▶ **Records for processing**
⟨

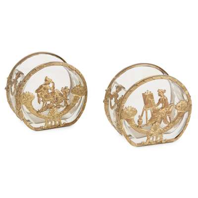 PAIR OF SMALL FRENCH GILT METAL MOUNTED GLASS VASES
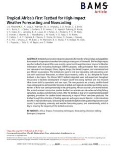 Fletcher, J. K., Diop, C. A., Adefisan, E., Ahiataku, M. A., Ansah, S. O., Birch, C. E., Burns, H. L., Clarke, S. J., Gacheru, J., James, T. D., Ngetich Tuikong, C. K., Koros, D., Indasi, V. S., Lamptey, B. L., Lawal, K. A., Parker, D. J., Roberts, A. J., Stein, T. H. M. ORCID: https://orcid.org/0000-0002-9215-5397, Visman, E., Warner, J., Woodhams, B. J., Youds, L. H., Ajayi, V. O., Bosire, E. N., Cafaro, C. ORCID: https://orcid.org/0000-0001-8063-4887, Camara, C. A. T., Chanzu, B., Dione, C., Gitau, W., Groves, D., Groves, J., Hill, P. G. ORCID: https://orcid.org/0000-0002-9745-2120, Ishiyaku, I., Klein, C. M., Marsham, J. H., Mutai, B. K., Ndiaye, P. N., Osei, M., Popoola, T. I., Talib, J., Taylor, C. M. and Walker, D. (2023) Tropical Africa’s first testbed for high-impact weather forecasting and nowcasting. Bulletin of the American Meteorological Society, 104 (8). E1409-E1425. ISSN 1520-0477 doi: 10.1175/bams-d-21-0156.1
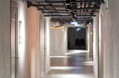 Благодаря простому и лаконичному дизайну светильников, они отлично вписались в разные локации пространства. Светильники в форме бочонков визуально перекликаются с трубами коммуникаций, на потолке, которые было решено оставить открытыми.
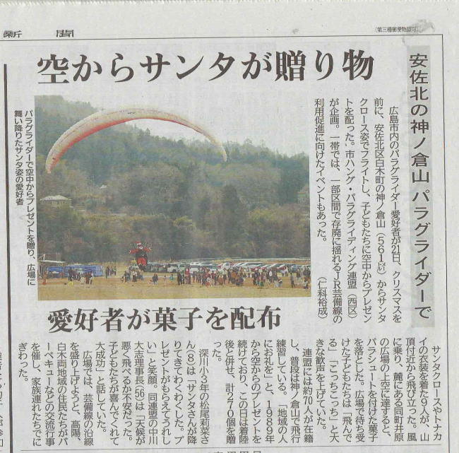 12月21日(日)サンタフライト ![]() サンタさん達 コマちゃん 毎年サンタの恰好をしてパラグライダーで空からお菓子を撒いている。 パラシュート付きのお菓子袋は子供たちの憧れである。 先輩たちのイベントを繋いで1989年から続いている。 地元の皆さんへの感謝の気持ちを込め毎年お菓子を配っている。 お孫さんたちも2代目3代目になったのかな・・・ 最近の地域起こしや芸備線復興の一助になれば望外の喜びである。 地元のマンホールの蓋にはハング・パラが絵が書かれているし 井原地区の紹介には必ずハング・パラがある。 地元の皆さんからは田んぼランディングの便宜をはかってもらったり 色々ご迷惑をお掛けしながらも暖かく応援して頂いている。 荒谷山には雲海を見物しようと大勢の人がテイクオフ場にやってくる。 禁煙の看板がこれでもかと立ててあったり、トイレ傍に水の入った 灰皿も用意してあるのに毎週20本ばかり吸い殻が落ちている。 「井原わくわくプロジェクト」の人たちも毎週清掃して頂いているのだが・・・ 「割れ窓理論」もある事だし本当に頑張っておられる。 我々も気が付けば吸い殻を拾うようにしているのだが・・・ 今年はテレビでも山火事のニュースを多く流している。 山火事を起こすとパラグライダーテイクオフの封鎖は必須となるだろう。 井原地区が広島のハング・パラの聖地として長く続くことを願うばかりである。 中国新聞にも記事に取り上げられた。 ![]() |
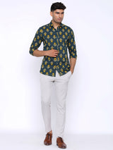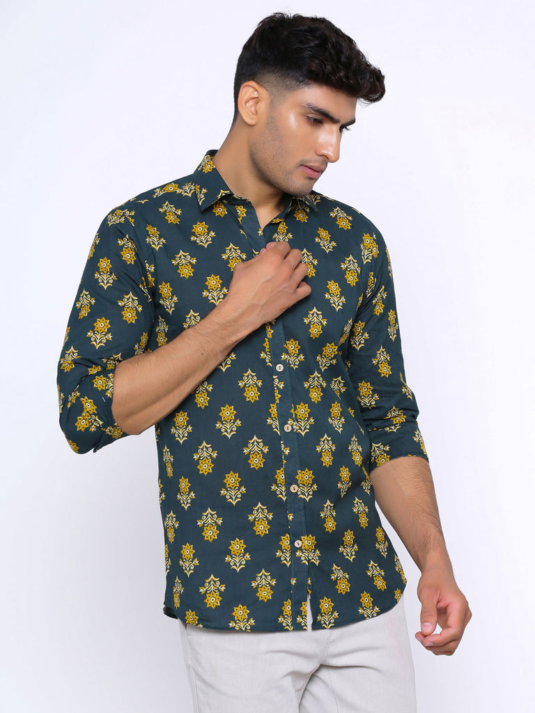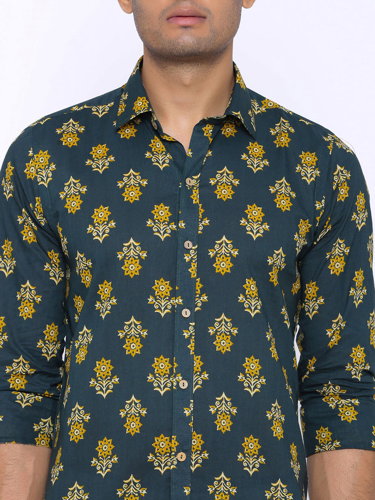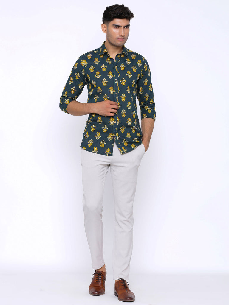 About the product: This Dark Green and Yellow Printed Cotton Shirt is made to make you look smart and handsome. This shirt is so comfortable yet so stylish.
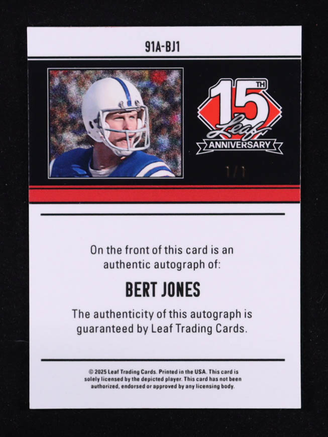 Bert Jones 2025 Leaf 15th Anniversary '91 Leaf Autographs Pink Lava #91ABJ1 #1/1
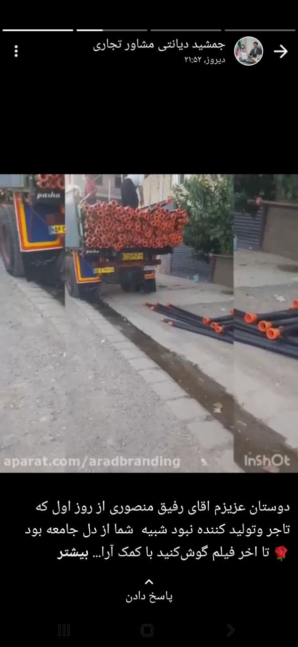 جمشید دیانتی از مشاوران تجاری، فاطمه رضائی مشاور تجاری، علی صابری، وحید بابکی و علی تقی زاده از نیروهای پشتیبانی تخصصی، کلیپی از ارسال بار تاجر موفق آرادی را در وضعیت خود به نمایش گذاشتند.
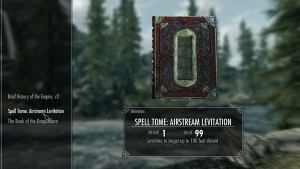 Новое интересное заклинание добавиться в виде книжки к вам в инвентарь при первой активации мода, автор утверждает, что это было сделано для того, чтобы не возиться с поиском заклинания у торговцев, также оно имеет ограничение на полёт, 100 футов максимум, но этого всё равно достаточно, чтобы пересекать малые и средние дистанции.
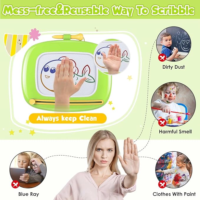 - 🎨Red/Blue/Green/Yellow Colors Zones: Magnetic doodle board for toddlers 1-3 displays 4 different colors that make child’s drawing more vivid. With 9.8" doodle pad, the toys for girls can be used repeatedly. Your one year old girl can easily pull the slide back and forth, then it will be clean immediately.
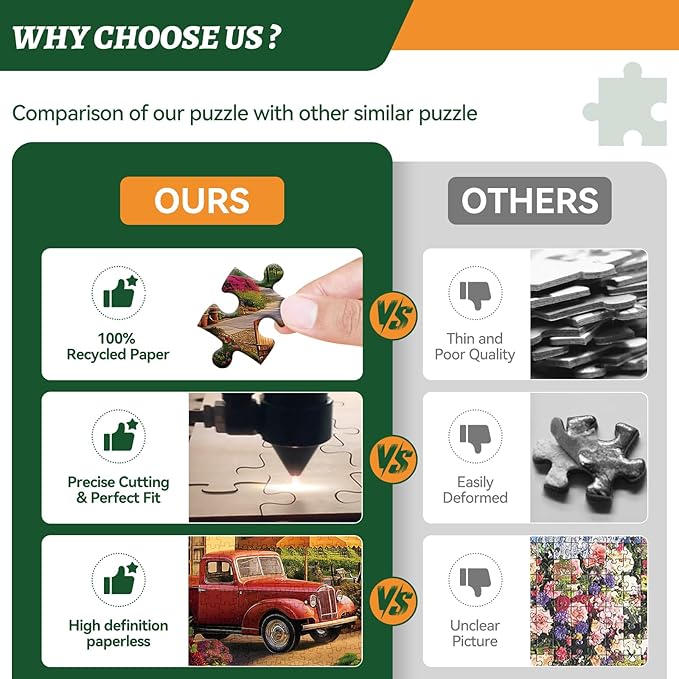 - Missing Piece Support: We understand the frustration of a missing piece. If your jigsaw puzzle arrives incomplete, we offer prompt missing piece support—just contact us and we’ll make it right. Enjoy worry-free puzzling with our quality puzzles for adults.
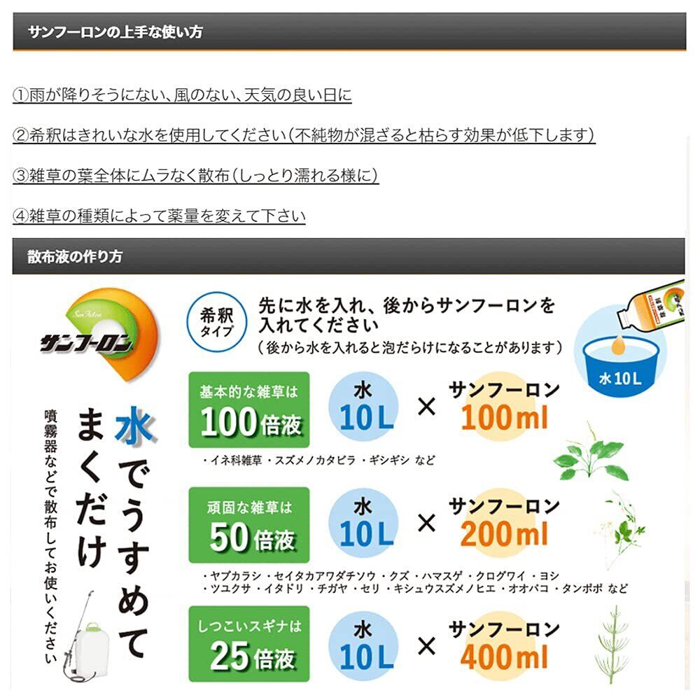 使用方法:水50~100Lに薬液250~1000mlで散布面積約10a
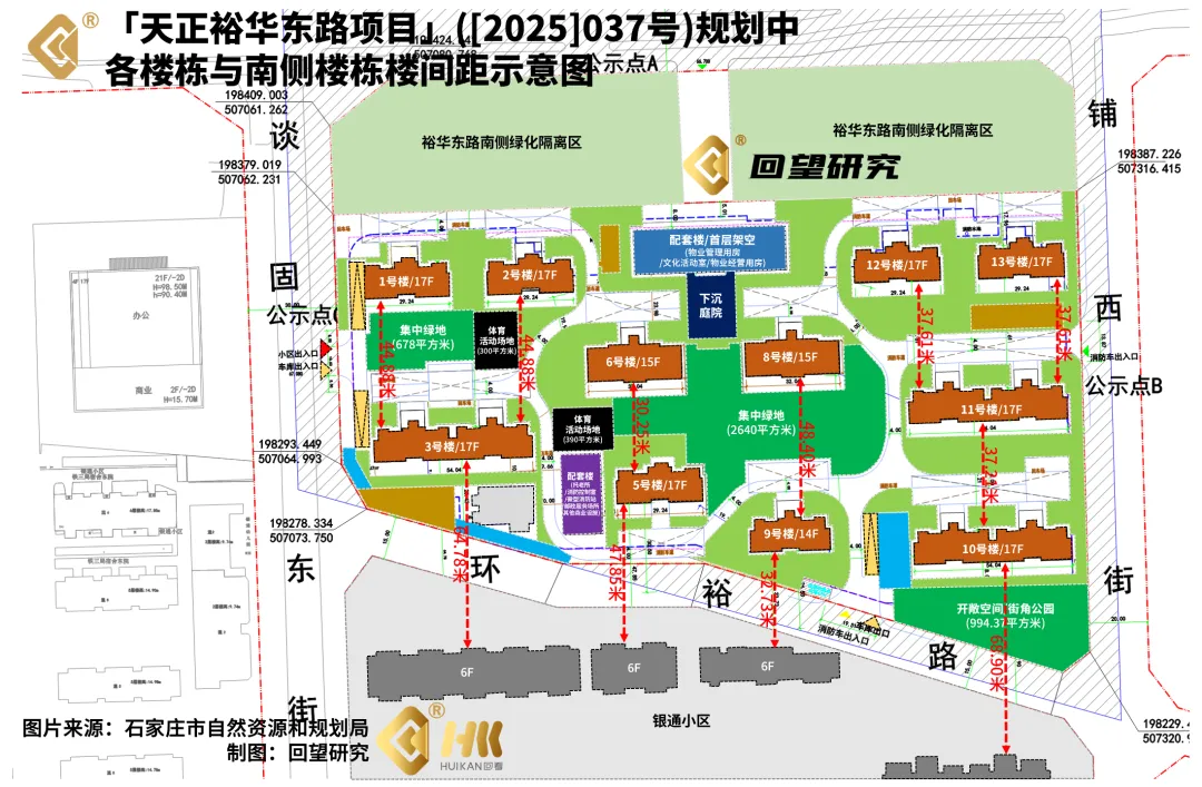 仔细看这个项目的楼间距,普遍在37至44米之间;最小的,是5号楼和6号楼之间,是30米(约30.25米);可6号楼位于小区的中央,换言之,它就是「楼王」之一,面前便是(建筑)面积超过2600平方米(约2640平方米)的中心景观区,以天正的一贯风格,以及前年的「产品升标」,势必要在这里大做文章;即便是采光,东侧的8号楼和9号楼之间,就是将近50米(约48.40米)的楼间距,换言之,6号楼的东南方向便是一马平川,至于西南方向,则是3号楼,以及它面前隔环裕路相望的银通小区,楼间距更是超过了60米(约64.78米),加上银通小区普遍的六层高度,这边也是一马平川。
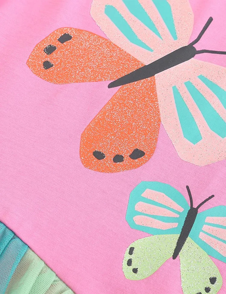 Shining Butterfly Printed Rainbow Tulle Dress
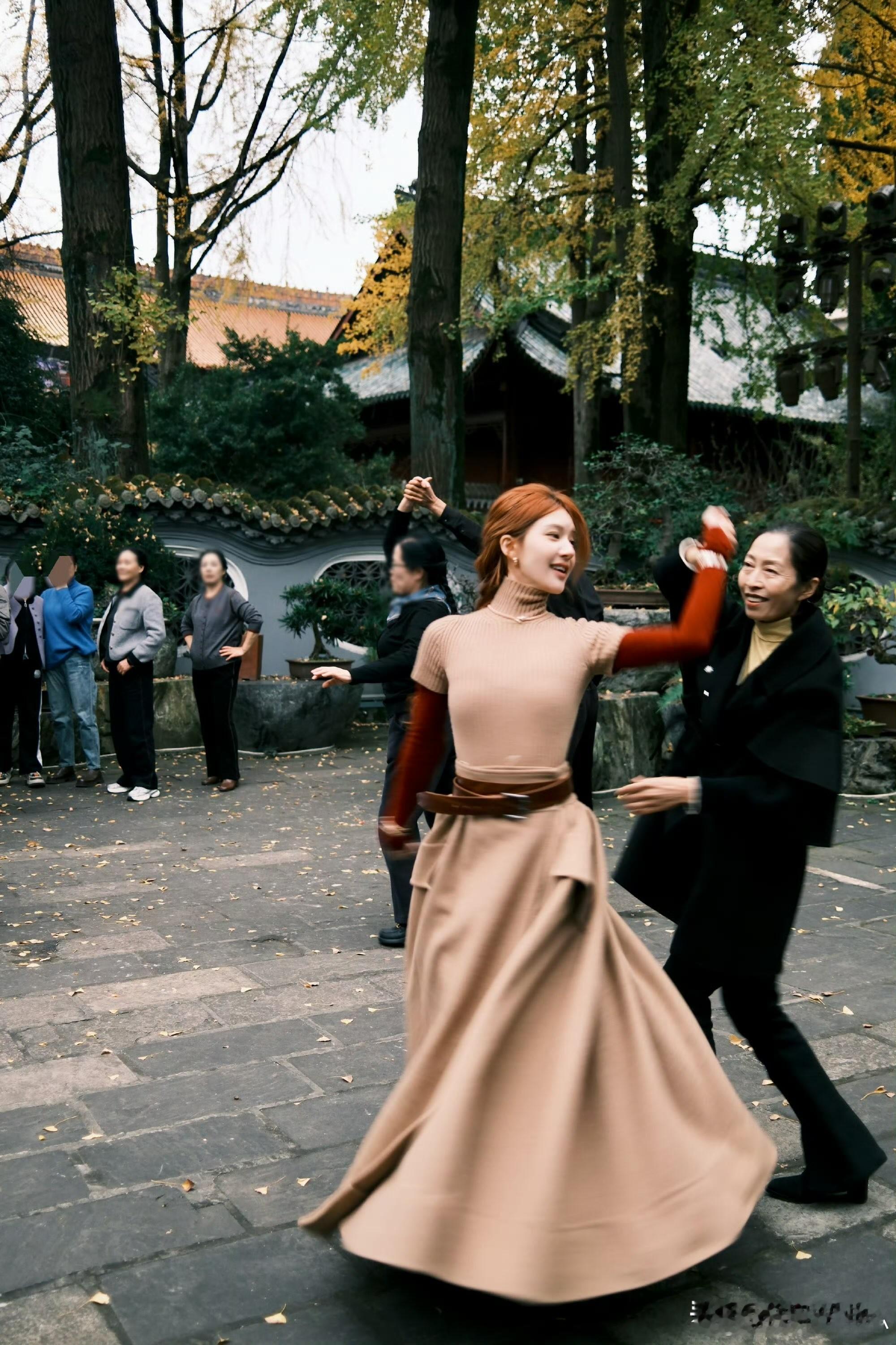 12月19日,赵露思在公园跟大爷大妈们跳舞在她的脸上久违的看到了笑靥如花!秋冬肉桂色系上紧下宽的叠穿真的很好看!赵露思很像平行时空里《小王子》里才有的小公主,白皙透亮的脸颊搭配金棕色长卷发,充满了古典优雅气息,漏肩造型更像是初到这个世界的探索,像蓝色大海的传说里的全某贤,赵露思这样的妆容很漂亮最适合她!赵露思
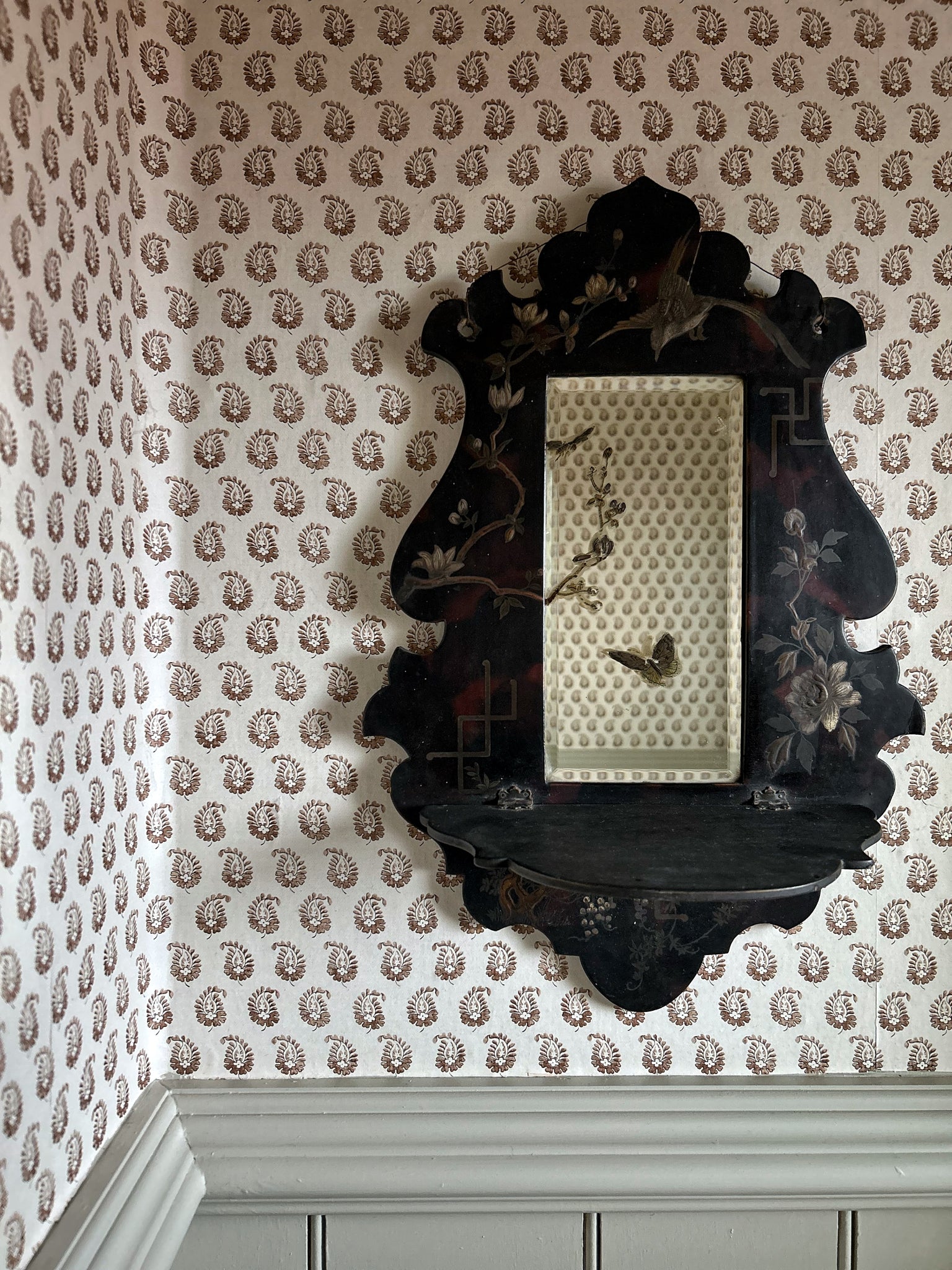 A pretty antique, late 19th Century, papier mache, chinoiserie, hand painted mirror with shelf.

⟩

▶ **Task instructions**
Output all the records above again exactly, with the pictures dropped.

▶ **Answer to this exercise**
 PAIR OF SMALL FRENCH GILT METAL MOUNTED GLASS VASES
 Fletcher, J. K., Diop, C. A., Adefisan, E., Ahiataku, M. A., Ansah, S. O., Birch, C. E., Burns, H. L., Clarke, S. J., Gacheru, J., James, T. D., Ngetich Tuikong, C. K., Koros, D., Indasi, V. S., Lamptey, B. L., Lawal, K. A., Parker, D. J., Roberts, A. J., Stein, T. H. M. ORCID: https://orcid.org/0000-0002-9215-5397, Visman, E., Warner, J., Woodhams, B. J., Youds, L. H., Ajayi, V. O., Bosire, E. N., Cafaro, C. ORCID: https://orcid.org/0000-0001-8063-4887, Camara, C. A. T., Chanzu, B., Dione, C., Gitau, W., Groves, D., Groves, J., Hill, P. G. ORCID: https://orcid.org/0000-0002-9745-2120, Ishiyaku, I., Klein, C. M., Marsham, J. H., Mutai, B. K., Ndiaye, P. N., Osei, M., Popoola, T. I., Talib, J., Taylor, C. M. and Walker, D. (2023) Tropical Africa’s first testbed for high-impact weather forecasting and nowcasting. Bulletin of the American Meteorological Society, 104 (8). E1409-E1425. ISSN 1520-0477 doi: 10.1175/bams-d-21-0156.1
 Благодаря простому и лаконичному дизайну светильников, они отлично вписались в разные локации пространства. Светильники в форме бочонков визуально перекликаются с трубами коммуникаций, на потолке, которые было решено оставить открытыми.
 12月21日(日)サンタフライト ![]() サンタさん達 コマちゃん 毎年サンタの恰好をしてパラグライダーで空からお菓子を撒いている。 パラシュート付きのお菓子袋は子供たちの憧れである。 先輩たちのイベントを繋いで1989年から続いている。 地元の皆さんへの感謝の気持ちを込め毎年お菓子を配っている。 お孫さんたちも2代目3代目になったのかな・・・ 最近の地域起こしや芸備線復興の一助になれば望外の喜びである。 地元のマンホールの蓋にはハング・パラが絵が書かれているし 井原地区の紹介には必ずハング・パラがある。 地元の皆さんからは田んぼランディングの便宜をはかってもらったり 色々ご迷惑をお掛けしながらも暖かく応援して頂いている。 荒谷山には雲海を見物しようと大勢の人がテイクオフ場にやってくる。 禁煙の看板がこれでもかと立ててあったり、トイレ傍に水の入った 灰皿も用意してあるのに毎週20本ばかり吸い殻が落ちている。 「井原わくわくプロジェクト」の人たちも毎週清掃して頂いているのだが・・・ 「割れ窓理論」もある事だし本当に頑張っておられる。 我々も気が付けば吸い殻を拾うようにしているのだが・・・ 今年はテレビでも山火事のニュースを多く流している。 山火事を起こすとパラグライダーテイクオフの封鎖は必須となるだろう。 井原地区が広島のハング・パラの聖地として長く続くことを願うばかりである。 中国新聞にも記事に取り上げられた。 ![]() |
 About the product: This Dark Green and Yellow Printed Cotton Shirt is made to make you look smart and handsome. This shirt is so comfortable yet so stylish.
 Bert Jones 2025 Leaf 15th Anniversary '91 Leaf Autographs Pink Lava #91ABJ1 #1/1
 جمشید دیانتی از مشاوران تجاری، فاطمه رضائی مشاور تجاری، علی صابری، وحید بابکی و علی تقی زاده از نیروهای پشتیبانی تخصصی، کلیپی از ارسال بار تاجر موفق آرادی را در وضعیت خود به نمایش گذاشتند.
 Новое интересное заклинание добавиться в виде книжки к вам в инвентарь при первой активации мода, автор утверждает, что это было сделано для того, чтобы не возиться с поиском заклинания у торговцев, также оно имеет ограничение на полёт, 100 футов максимум, но этого всё равно достаточно, чтобы пересекать малые и средние дистанции.
 - 🎨Red/Blue/Green/Yellow Colors Zones: Magnetic doodle board for toddlers 1-3 displays 4 different colors that make child’s drawing more vivid. With 9.8" doodle pad, the toys for girls can be used repeatedly. Your one year old girl can easily pull the slide back and forth, then it will be clean immediately.
 - Missing Piece Support: We understand the frustration of a missing piece. If your jigsaw puzzle arrives incomplete, we offer prompt missing piece support—just contact us and we’ll make it right. Enjoy worry-free puzzling with our quality puzzles for adults.
 使用方法:水50~100Lに薬液250~1000mlで散布面積約10a
 仔细看这个项目的楼间距,普遍在37至44米之间;最小的,是5号楼和6号楼之间,是30米(约30.25米);可6号楼位于小区的中央,换言之,它就是「楼王」之一,面前便是(建筑)面积超过2600平方米(约2640平方米)的中心景观区,以天正的一贯风格,以及前年的「产品升标」,势必要在这里大做文章;即便是采光,东侧的8号楼和9号楼之间,就是将近50米(约48.40米)的楼间距,换言之,6号楼的东南方向便是一马平川,至于西南方向,则是3号楼,以及它面前隔环裕路相望的银通小区,楼间距更是超过了60米(约64.78米),加上银通小区普遍的六层高度,这边也是一马平川。
 Shining Butterfly Printed Rainbow Tulle Dress
 12月19日,赵露思在公园跟大爷大妈们跳舞在她的脸上久违的看到了笑靥如花!秋冬肉桂色系上紧下宽的叠穿真的很好看!赵露思很像平行时空里《小王子》里才有的小公主,白皙透亮的脸颊搭配金棕色长卷发,充满了古典优雅气息,漏肩造型更像是初到这个世界的探索,像蓝色大海的传说里的全某贤,赵露思这样的妆容很漂亮最适合她!赵露思
 A pretty antique, late 19th Century, papier mache, chinoiserie, hand painted mirror with shelf.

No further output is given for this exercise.